━━ Material provided ━━

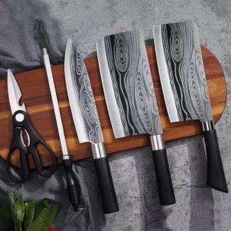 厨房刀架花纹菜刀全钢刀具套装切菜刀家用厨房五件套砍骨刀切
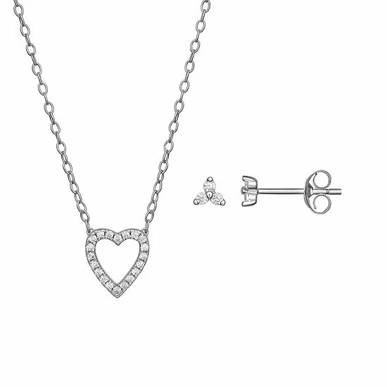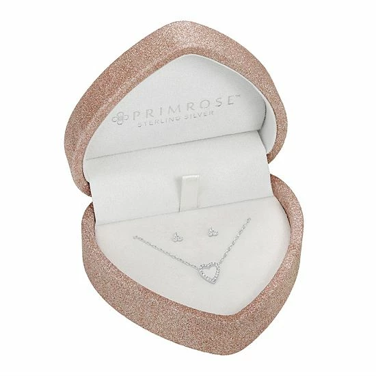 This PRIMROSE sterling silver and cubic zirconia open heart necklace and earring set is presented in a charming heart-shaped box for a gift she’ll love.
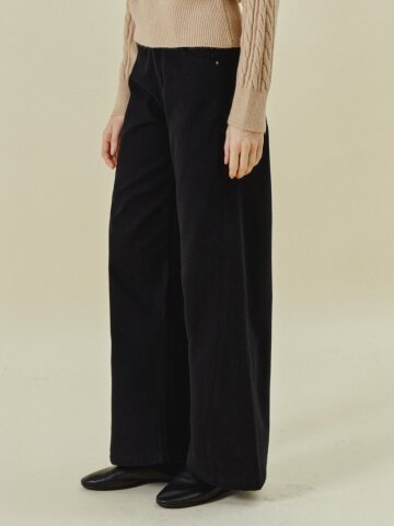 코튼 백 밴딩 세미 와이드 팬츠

━━━

_What is expected_
Repeat the whole listing above word for word. Leave out the pictures.

_Response_
 厨房刀架花纹菜刀全钢刀具套装切菜刀家用厨房五件套砍骨刀切
 This PRIMROSE sterling silver and cubic zirconia open heart necklace and earring set is presented in a charming heart-shaped box for a gift she’ll love.
 코튼 백 밴딩 세미 와이드 팬츠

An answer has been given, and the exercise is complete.